The German federal government is not planning any regulation of commercial rents. This conclusion follows a ministerial answer from the Federal Ministry of Housing and Urban Development to the Greens’ parliamentary inquiry, reported by “Tagesspiegel” on Thursday. In her response, Parliamentary State Secretary Sabine Poschmann (SPD) wrote that “no urgent legislative need is apparent at present”.

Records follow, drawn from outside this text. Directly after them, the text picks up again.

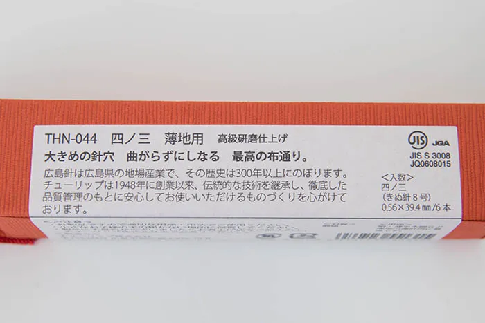 ステッチの布通りを、ある程度決めてしまうのが針先形状。チューリップの針は、鋼(はがね)の特徴である「強靭さ」と「耐磨耗性」を活かすとともに、高精度な研磨加工を繰り返すことで理想的な針先形状を生み出しました。
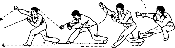 接前招,我用“隔肘伏地下”击打敌方的下部,他必然退步或 猫腰闪躲,此时上部必露破绽,我趁机进步用右拳打他下须,如 他抬手招架或闪躲,下部必露破绽,我进步反右拳打他胁或腹 部。如他吸腰闪躲或用手招架,头部必然近我,我速反右手用掌 打他头部。
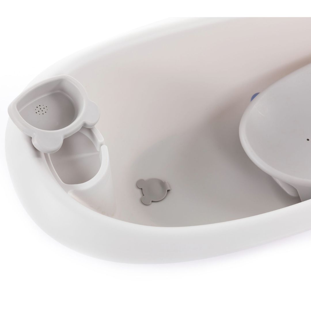 Подвижната седалка с вендузи поддържа бебето стабилно, за да не се плъзга. Тя е със специална форма, съобразена с тялото на новороденото, което ви дава по-голяма увереност и контрол при всяко движение.
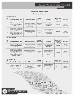 Research Papers Published / Presented 2021 - 2022 02 HINDUJA HORIZONS
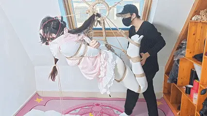 临结束之时再次被绑成驷马放置在地面,侧身翻过玩弄……
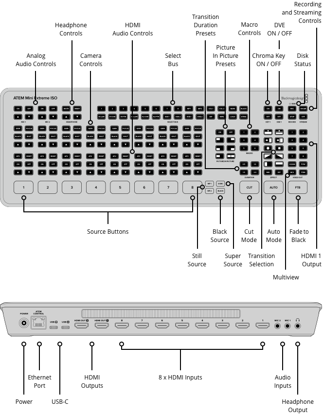Režimy ATEM Mini majú integrovanú kompaktnú konzolu s tlačidlami na výber vstupov a efektov. Modely ATEM Mini Pro a Extreme ponúkajú aj tlačidlá na ovládanie nahrávania a streamovania a prepínanie výstupu medzi výstupmi z kamery a režimami Program a Multiview. Na zadnom paneli sa nachádzajú vstupy HDMI pre kamery alebo iné zdroje videa, vstupy pre mikrofón, rozhranie USB a výstupy HDMI ("Aux").

She added that while the coalition agreement contained several measures concerning tenancy law, it did not cover commercial rents. “Regulations for business property prices are not included” she clarified.
Opposition pressure comes from Hanna Steinmüller, the Green party’s deputy chair on the Bundestag’s Construction Committee. She argues that rent increases affect not only homes but also local bakeries, neighbourhood community centres and physiotherapy clinics. “For many small shops this means permanent closures” she warned the newspaper.
Steinmüller criticised the government’s inaction, calling for reliable data via a commercial rent index and stronger legal safeguards through a “social commercial rent law”. While residential housing benefits from a price‑control brake and other instruments designed to curb runaway price spikes, no equivalent framework exists for commercial real estate.
In fact, nationwide commercial rent has risen by roughly ten percent between early 2021 and the end of 2025.